The TXR project is looking for hackers to develop features, such as:

TXR has clean, easy to understand and maintain internals that are a pleasure to work with. Be sure to read the HACKING guide.

What is it?

TXR is a pragmatic, convenient tool ready to take on your daily hacking challenges with its dual personality: its whole-document pattern matching and extraction language for scraping information from arbitrary text sources, and its powerful data-processing language to slice through problems like a hot knife through butter. Many tasks can be accomplished with TXR "one liners" directly from your system prompt.

TXR is a fusion of many different ideas, a few of which are original, and it is influenced by many languages, such as Common Lisp, Scheme, Awk, M4, POSIX Shell, Prolog, Ruby, Python, Arc, Clojure, S-Lang and others. It is relatively new: the project started in 2009.

Similarly to some other data processing tools, it has certain convenient implicit behavior with regard to input handling, via its pattern-based text extraction language. A comparison to the Awk language may be drawn here: whereas Awk implicitly reads a file, breaking it into records and fields which are accessible as positional variables, TXR has quite a different way of making input handling implicit: namely via a nested, recursive pattern matching notation which binds variables. This approach still handles delimited fields with relative convenience, but generalizes into handling messy, loosely structured data, or data which exhibits different regularities in different sections, etc. Constructs in TXR (the pattern language) aren't imperative statements, but rather pattern-matching directives: each construct terminates by matching, failing, or throwing an exception. Searching and backtracking behaviors are implicit. It has features like structured named blocks with nonlocal exits, structured exception handling, named pattern matching functions, and numerous other features.  TXR's pattern language is powerful enough to parse grammars, yet simple to use in an ad-hoc way on trivial tasks.

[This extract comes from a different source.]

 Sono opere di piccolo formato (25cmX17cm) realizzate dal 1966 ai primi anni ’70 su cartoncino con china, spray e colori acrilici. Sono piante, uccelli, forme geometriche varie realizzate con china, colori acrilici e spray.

TXR also has the "brains" that the designers of other pragmatic, convenient data munging languages have neglected to put in: a built in, powerful functional and imperative language, with lots of features, such as:

This embedded language, TXR Lisp, maintains strong ties to the Lisp family of languages, while its design also pays attention to newer scripting languages which have emerged in the last ten to twenty years, and takes cues from functional languages.

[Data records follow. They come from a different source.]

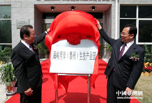 9月19日,在江蘇省泰州市“中國醫(yī)藥城”內,臺灣工業(yè)總會理事長陳武雄(左)同泰州市委書記張雷共同為“海峽兩岸(泰州)生技產(chǎn)業(yè)園”開園揭牌。(中國臺灣網(wǎng) 鐘寶華 攝)
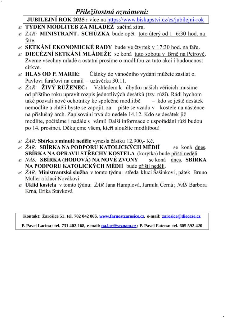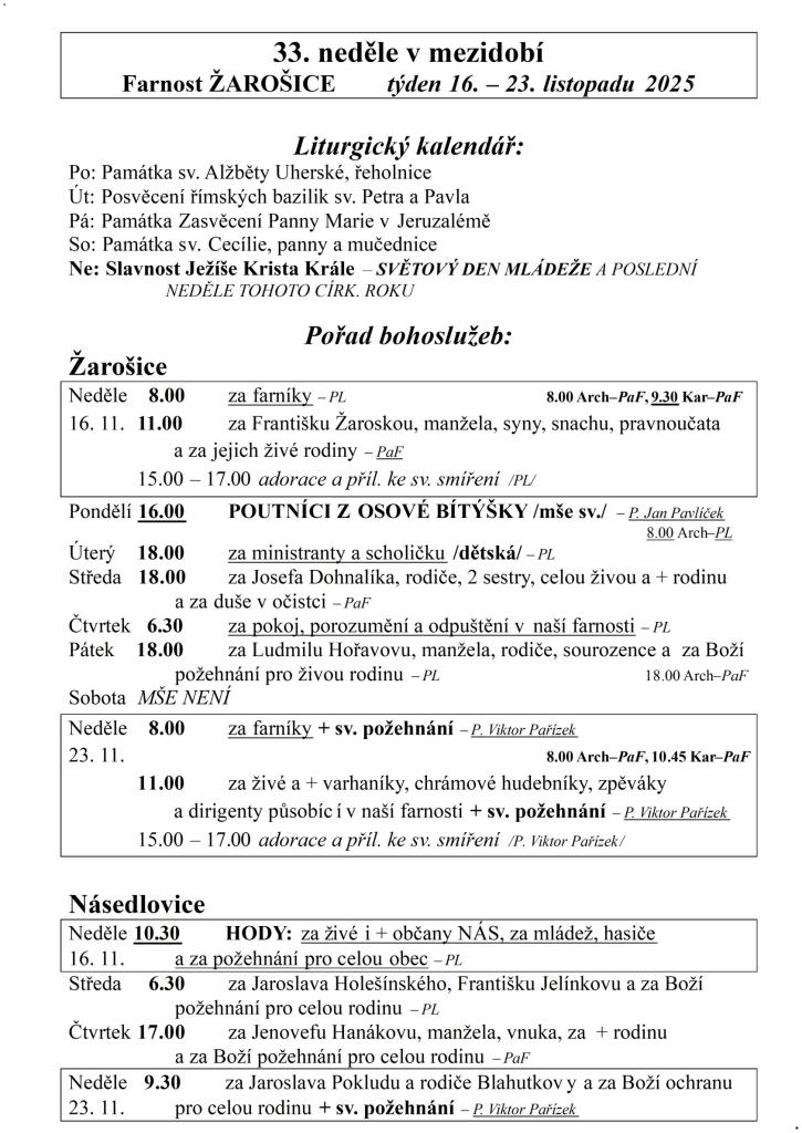 Farnost ŽAROŠICE týden 16. – 23. listopadu 2025
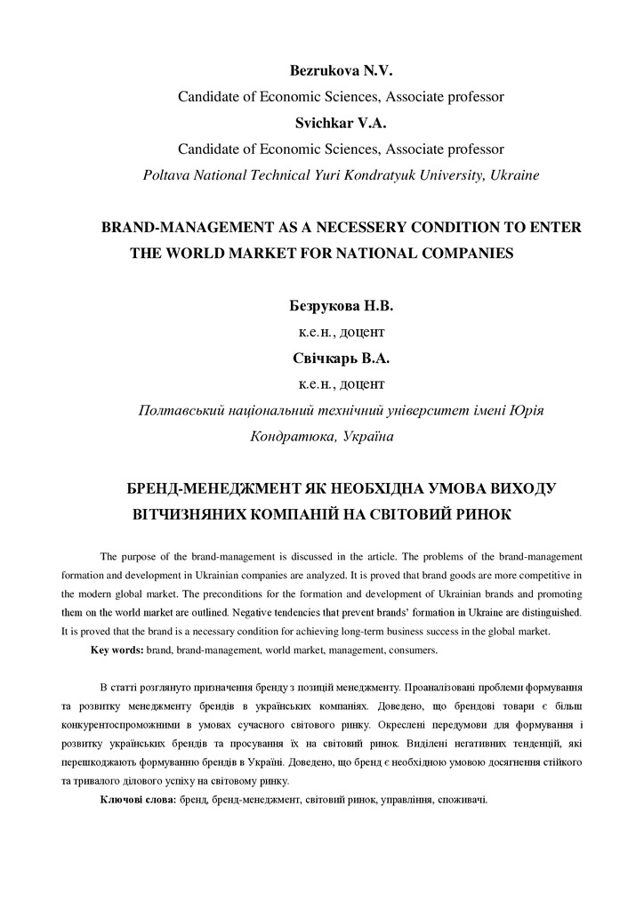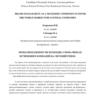 Стаття 2017/04/01Brand-management as a necessery condition to enter the world market for national companies

Here is a collection of TXR Solutions to a number of problems from Rosetta Code.

Rudimentary Concepts

A file containing UTF-8 text is already a TXR query which matches itself: almost. Care has to be taken to escape the meta-character @ which introduces all special syntax. This is done by writing it twice: @@ stands for a single literal @.  Thus, a text file which contains no @ signs, or whose @ signs are properly escaped by being doubled twice is a pattern match. So for instance:

Four score and
seven years ago
our fathers brought forth,

is a TXR query which matches the text itself. Actually, it matches more than just itself. It matches any text which begins with those three lines. Thus it also matches this text

Four score and
seven years ago
our fathers brought forth,
upon this continent

furthermore, spaces actually have a special meaning in TXR. A single space denotes a match for one or more spaces. So our query also matches this text, which is a convenient behavior.

Four   score   and
seven years ago
our fathers brought forth,
upon this continent

We can tighten the query so that it matches exactly three lines, and only single spaces in the first line.

Four@\ score@\ and
seven years ago
our fathers brought forth,

Here the @ character comes into play. The syntax @\space syntax encodes a literal space which doesn't have the "match one or more spaces" meaning. The @(eof) directive means "match the empty data set, consisting of no lines".

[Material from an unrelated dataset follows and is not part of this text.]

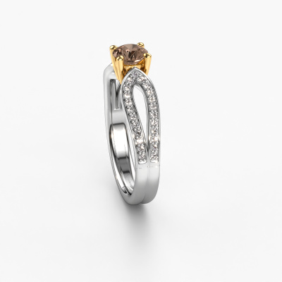 Der oben gezeigte Weißgold Verlobungsring wird Antonia rnd 2 genannt. Es ist ein Pavé Solitär Ring, da er einen zentralen Edelstein und ein Band mit Pavé-Fassung hat. Der traditionell Pavé Solitär Verlobungsring ist in der Kombination 14 Karat Weißgold mit Gold und ist mit einem rund 0.50 crt Braun Diamant-Mittelstein besetzt und das Band hat eine Pavé-Fassung mit Diamanten. Jedes Schmuckstück wird nur für Sie persönlich hergestellt, mit Liebe zum Detail und Design. Um den zentralen Stein noch mehr zu betonen, hat das Band eine Pavé-Fassung mit weiteren Braun Diamant. Durch die offenen Krappen kann das Licht aus mehreren Winkeln auf den Braun Diamant treffen und der Braun Diamant-Ring funkelt noch mehr. Das obere Foto zeigt die leidenschaftlich handgefertigten Details des Rings. Die hohe Positionierung der Mittelstein ist ein echter Blickfang. Der perfekte Verlobungsring für das Kronjuwel Ihres Lebens!Nachdem Sie Ihre Bestellung aufgegeben haben, beginnen unsere Goldschmiede mit dem kreativen Prozess der Herstellung Ihres Antonia rnd 2 Verlobungsring. Wir haben keine Lager. Das ist vorteilhaft, da diese Kosten nicht an Sie weitergegeben werden. Daher sind wir in der Lage, Schmuck zu außergewöhnlich niedrigen Preisen anzubieten.Haben Sie irgendwo einen bestimmten Verlobungsring gefunden, den Sie Ihrem Liebsten schenken möchten? Sie können uns gerne sagen, was Sie wollen und wir werden Ihr Design in einen Einzigartigen traditionell Verlobungsring verwandeln. Sie können die Entwicklungen Ihres Ringdesigns verfolgen, da wir 3D-Zeichnungen verwenden. Das gibt Ihnen eine realistische Vorschau, wie Ihr Design aussehen wird. Sie können auch einen Dummy vorbestellen. Ein Dummy ist ein Kunststoffring, der nach Ihrem Ringdesign gestaltet werden kann. Sie können ihn anprobieren und prüfen, ob seine Breite und Größe für Sie geeignet sind. Wir senden Ihnen gerne ein unverbindliches Angebot zu einem fairen Preis/Leistungsverhältnis. Sie werden in Anbetracht der Qualität des Rings und der Edelsteine überrascht sein.Um es einfacher zu machen, bieten wir eine kostenlose 30-tägige Rücksendung.
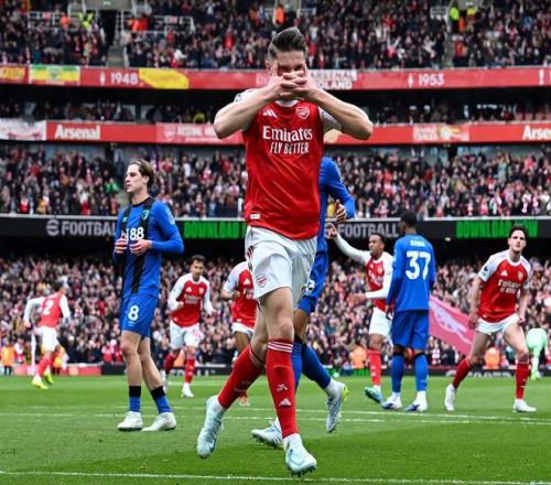 第19分鐘,賴斯開出角球,哈弗茨門前甩頭攻門擦著橫梁出界;第35分鐘,加布里埃爾禁區(qū)內(nèi)轉(zhuǎn)身打門打在了克里斯蒂揚起了手臂上,主裁判沒有猶豫吹罰點球,哲凱賴什大力出奇跡直接爆射入網(wǎng)扳平比分,1:1!哲凱賴什本賽季各項賽事已經(jīng)打入18球,槍手隊史處子賽季英超時代僅次于亨利和桑切斯。

Variables are denoted as identifiers preceded by @, and  match pieces of text in mostly intuitive ways (and sometimes not so intuitive). Suppose we change the above to this:

Four@\ score@\ and
seven @units ago
our @relatives brought forth,

Now if this query is matched against the original file, the variable units will capture the character string "years" and relatives will capture "fathers". Of course, it matches texts which have words other than these, such as seven months ago, or our mothers brought forth.

As you can see, the basic concept in simple patterns like this very much resembles a "here document": it's a template of text with variables. But of course, this "here document" runs backwards! Rather than generating text by substituting variables, it does the opposite: it matches text and extracts variables. The need for a "here document run backwards" was what prompted the initial development of TXR!

From this departure point, things get rapidly complicated. The pattern language has numerous directives expressing parallel matching and iteration. Many of the directives work in vertical (line oriented) and horizontal (character oriented) modes. Pattern functions can be defined (horizontal and vertical) and those can be recursive, allowing grammars to be parsed.

Simple Collection/Generation Example

The following query reads a stream of comma-separated pairs and generates a HTML table. A complete version with sample data is given here.

@(output :filter :to_html)
@  (repeat)
@  (end)

Grammar Parsing Example

Here is a TXR query which matches an arithmetic expression grammar, consisting of numbers, identifiers, basic arithmetic operators (+ - * /) and parentheses. The expression is supplied as a command line argument (this is done by @(next :args) which redirects the pattern matching to the argument vector).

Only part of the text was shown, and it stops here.